You should know the basics of point-set topology.
Useful to have (though not absolutely necessary) basic knowledge of the fundamental group and covering spaces (at the level covered in the course "topology").
Some knowledge of differential geometry and differential topology is useful but not strictly necessary.
Some (elementary) group theory and algebra will also be needed.
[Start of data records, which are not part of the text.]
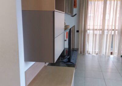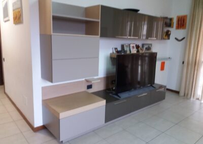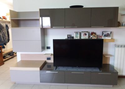 In questo progetto abbiamo realizzato una parete attrezzata su misura, studiata per accogliere TV, dispositivi multimediali e oggetti personali, mantenendo ordine ed eleganza. I volumi alternati, i giochi di profondità e le finiture laccate lucide e opache creano un equilibrio visivo raffinato, perfettamente integrato nell’ambiente domestico.
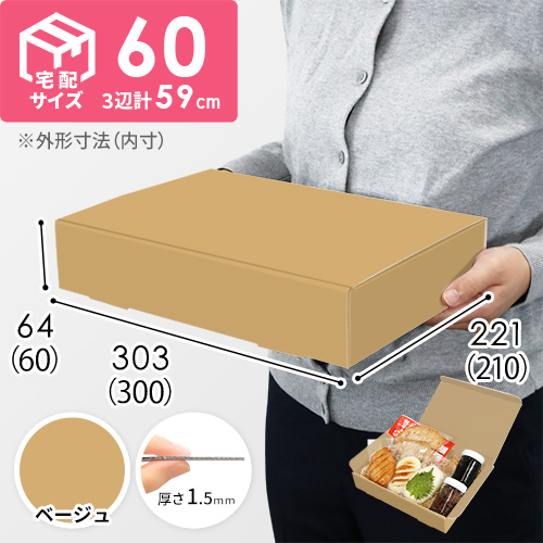 宅配60サイズ対応のダンボール(三辺合計58cm)。オーダーメイドで人気のサイズを商品化しました。食品や雑貨などの商品発送におすすめです。
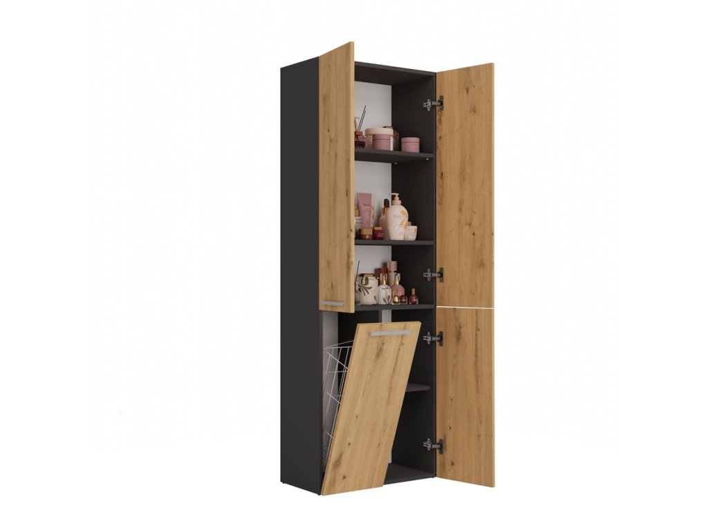 Stylová skříňka Noeli vám díky praktickému úložnému prostoru pomůže vytvořit dokonale organizovanou a útulnou koupelnu. Nadčasový design splní očekávání všech, kteří oceňují kombinaci jednoduchosti a elegance. Skříňka je vyrobená ze snadno udržovatelného lamina, hrany jsou povrchově upravené ABS plastem (vyznačuje se vysokou mechanickou a chemickou odolností).
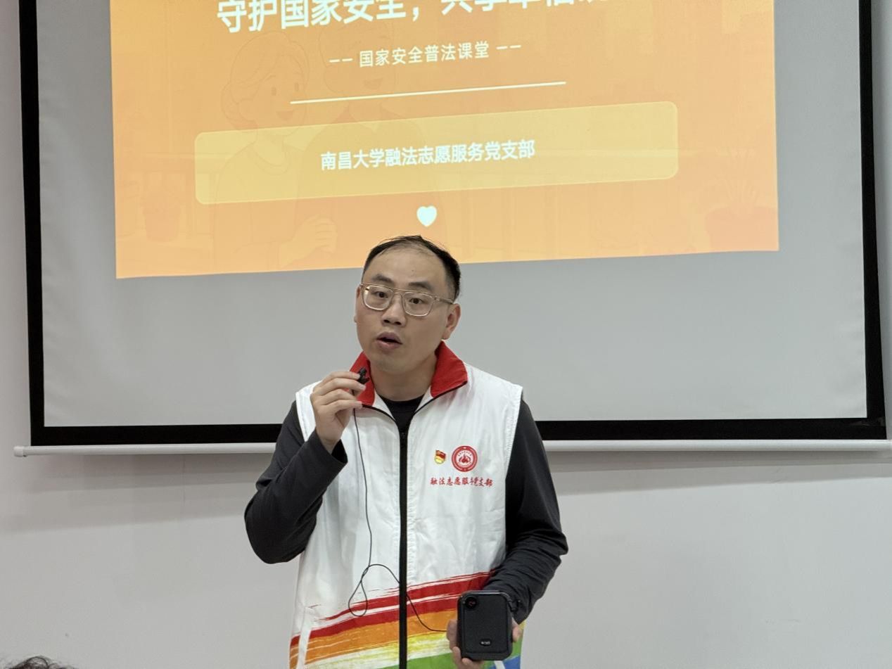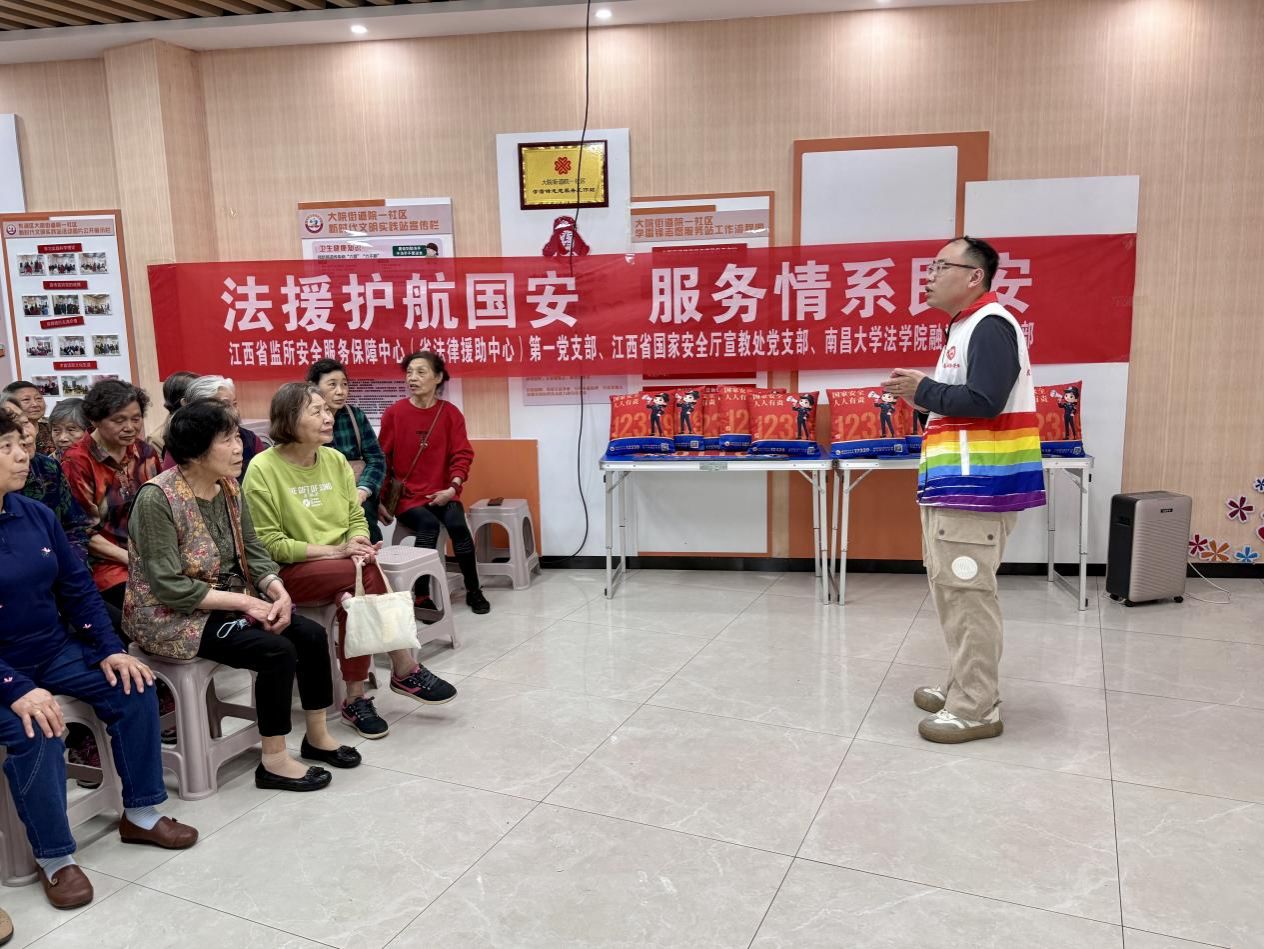 为深入学习贯彻总体国家安全观,增强社区居民国家安全意识和法治素养,2026年4月10日下午,南昌大学法学院融法志愿服务党支部走进江西省南昌市东湖区大院街道省府院内第一社区党群服务中心,联合江西省监所安全服务保障中心(省法律援助中心)第一党支部,共同开展以“法援护航国安 服务情系民安”为主题的国家安全普法宣传活动,以专业志愿服务践行法治为民初心。

|Week 1 (18-20 Sept)||Bredon 168-171, Hatcher 103-104-108 (bottom) -109 (top)||Definitions of simplices, chains, cycles, boundaries, homology Geometric intuition (Delta-complexes, orientations)|
|25 Sept||Bredon 171-173||Homology of a point, H_0(X) is determined by path-components, Hurewicz's Theorem: statement and beginning of proof|
|27 Sept||Bredon 173-175||End of proof of Hurewicz's Theorem.|
|2 Oct||Bredon 176-181||Induced maps in homology, chain complexes, chain maps, long exact sequence of homology groups (statement), homology with coefficients, relative homology, some notions of category theory. Note: category theory is not required for the exam, and was mentioned only to provide context|
|9 Oct||Bredon 178-179 and 183-184||Proof of the theorem on long exact sequences in homology (Theorem 5.6), definition of homology theory, homology of spheres (statement)|
|11 Oct||Bredon 184-186 and 194-195||Homology of spheres, reduced homology, Brouwer's fixed point theorem, definition of CW-complex|
|16 Oct||Bredon 195-197||CW-complexes: examples, compact subspaces, (very) rough outline of homology computation|
|18 Oct||Bredon 200-205||Computation of the homology of CW-complexes, definition of degree|
|23 Oct||Bredon 187-188, 203-204||Clarifications on homology of CW-complexes, basic properties of degree, reflections have degree -1.|
|30 Oct||Bredon 190-192 (relevant for exam: Proposition 7.3 and Theorem 7.4)||Computation of degrees|
|1 Nov||Bredon 204, 207-210, 215-216||Relative homology of CW-complexes (no proofs), cellular approximation theorem and induced maps (no proofs), Euler characteristic|
|6 Nov||Example of computation of homology of CW complexes|
|8 Nov||Bredon 219, Hatcher 111-113||Chain homotopies, proof of the homotopy axiom|
|13 Nov||Bredon, 220-224||Cross products (no proofs), barycentric subdivisions|
|15 Nov||Bredon, 224-226* *plus a more direct conclusion to the proof of excision than in Bredon.||Barycentric subdivision is chain-homotopic to the identity, subdvision operator for general chains, proof of the excision axiom.|
|20 Nov||Bredon, 227, 229-230||Homology with small simplices, Mayer-Vietoris sequence|
|22 Nov||Bredon, 234-235 (see also 231-234), Dold (if you cannot access, try to connect from the ETH Wi-Fi)||Homology of complements in R^n, Jordan curve theorem and other corollaries, invariance of domain and invariance of dimension.|
|27 Nov||Bredon, 233-234, 236||Generalized Jordan curve theorem, Jordan-Brouwer separation theorem, statement of generalised Schoenflies theorem|
|29 Nov||Bredon, 236-239||Proof of the generalised Schoenflies theorem (not needed for the exam*) *but very cool!|
|4 Dec||Bredon, 245-248, 250-251||Simplicial complexes, simplicial homology, definition of simplicial map, barycentric subdivion|
|6 Dec||Bredon, 251-253||Simplicial approximation theorem|
|11 Dec||Bredon, 253-256 (minus ENR discussion)||Homology with R or field coefficients, Lefschetz-Hopf fixed point theorem, sample applications (The content of this lecture is not needed for the exam).|
|13 Dec||Bredon, 240-242||Borsuk-Ulam theorem (not needed for the exam)|
|20 Dec||Final lecture: a discussion of some applications of algebraic topology (not needed for exam).|
The new exercises will be posted here.
If you have questions regarding the exercises, please don't hesitate to contact Davide Spriano.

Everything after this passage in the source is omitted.